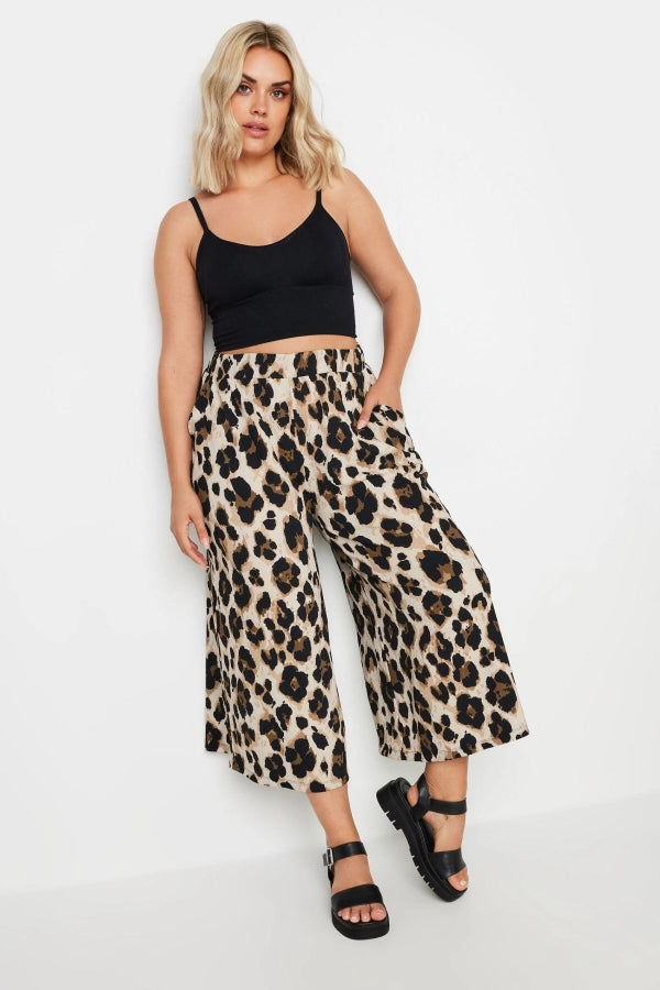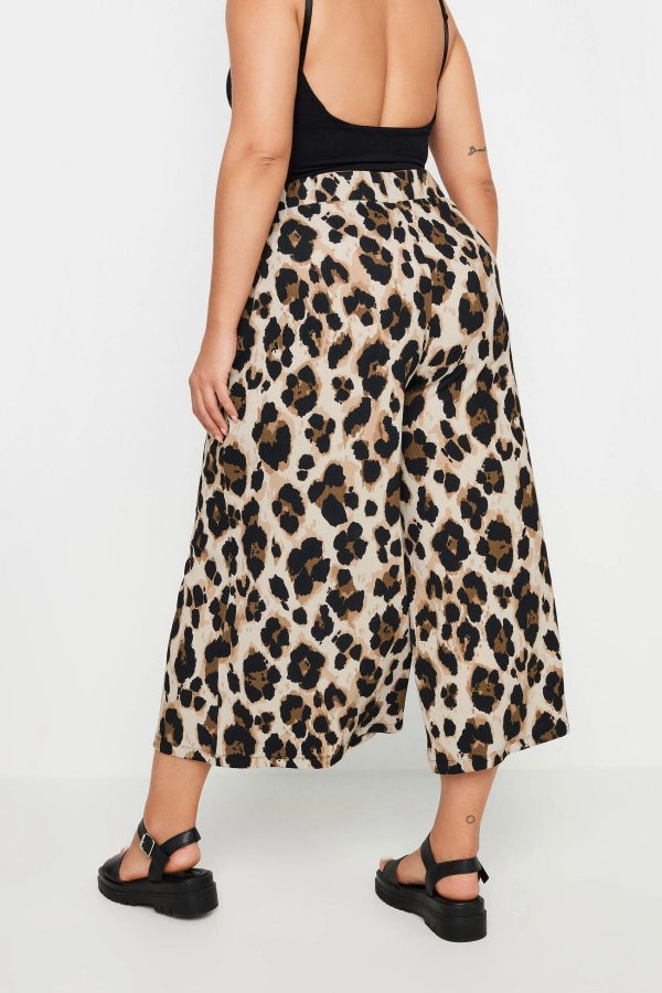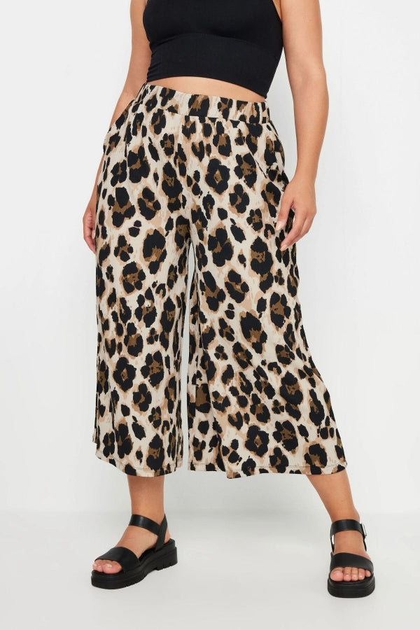 Büyük Beden Desenli Bol Kesim Cepli Likralı Kapri Pantolon 145133
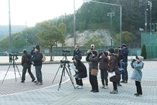 折りしも前々日の雪のため急遽場所の変更があったにもかかわらず、午前19名、午後13名の大人がワクワクしながらの参加。 各自持参の双眼鏡、先生の高感度の望遠鏡で何が見えるか、いざ出発!
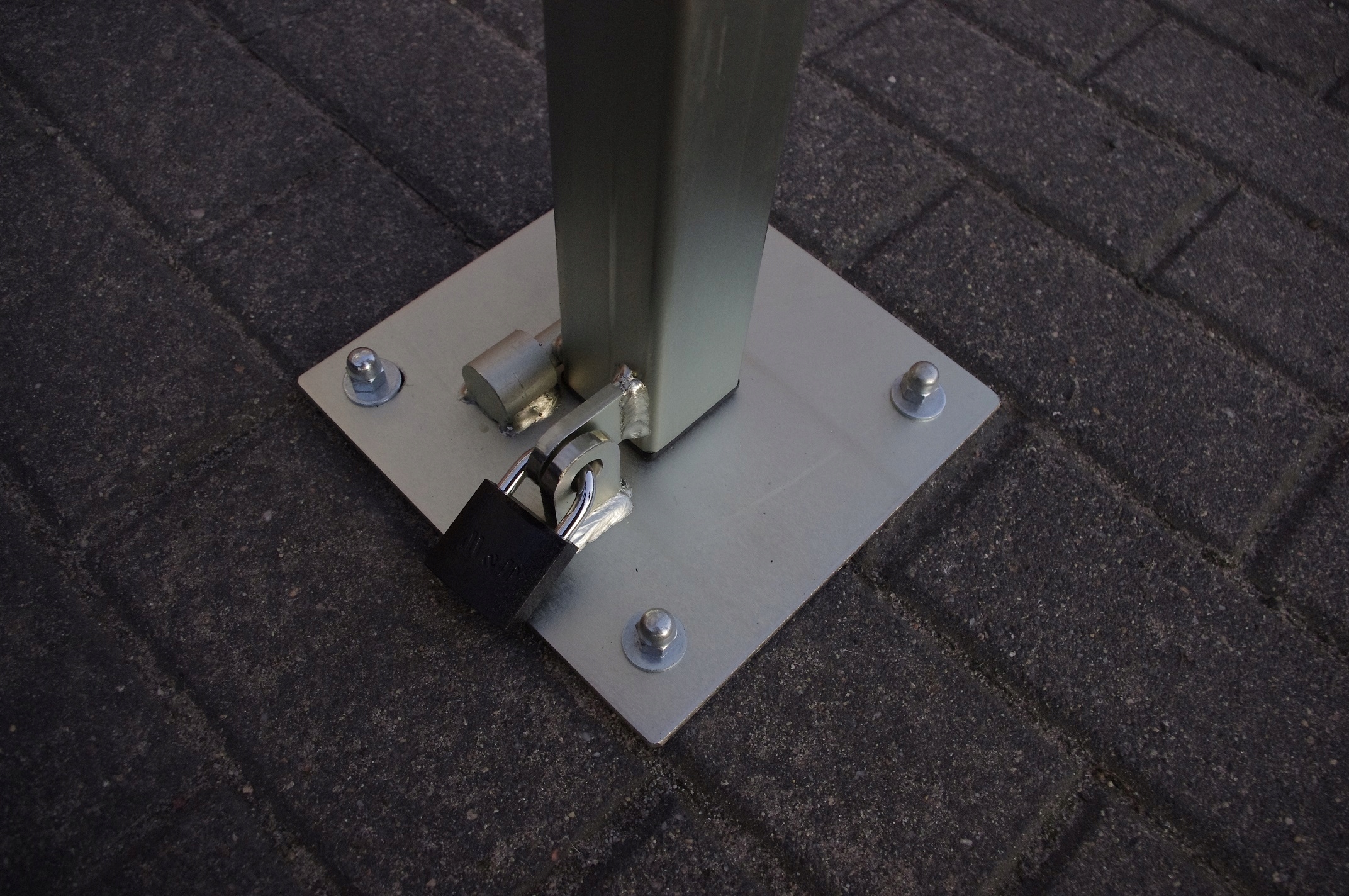 Установка блокування дуже проста (розширення штифтів). Основа кожної блокади - це листовий метал товщиною 4 мм і профіль 50x50x3 мм, завдяки якому він міцний, міцний і стабільний.
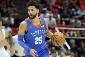 雷霆球员阿杰伊·米切尔虽然本场比赛手感不佳,但是在场上依旧表现全面,在场时能够帮助球队占据主动。

# # # # #

Assignment -> Could the listing above be transcribed exactly, with the pictures left out?

Task answer ->
 Büyük Beden Desenli Bol Kesim Cepli Likralı Kapri Pantolon 145133
 折りしも前々日の雪のため急遽場所の変更があったにもかかわらず、午前19名、午後13名の大人がワクワクしながらの参加。 各自持参の双眼鏡、先生の高感度の望遠鏡で何が見えるか、いざ出発!
 Установка блокування дуже проста (розширення штифтів). Основа кожної блокади - це листовий метал товщиною 4 мм і профіль 50x50x3 мм, завдяки якому він міцний, міцний і стабільний.
 雷霆球员阿杰伊·米切尔虽然本场比赛手感不佳,但是在场上依旧表现全面,在场时能够帮助球队占据主动。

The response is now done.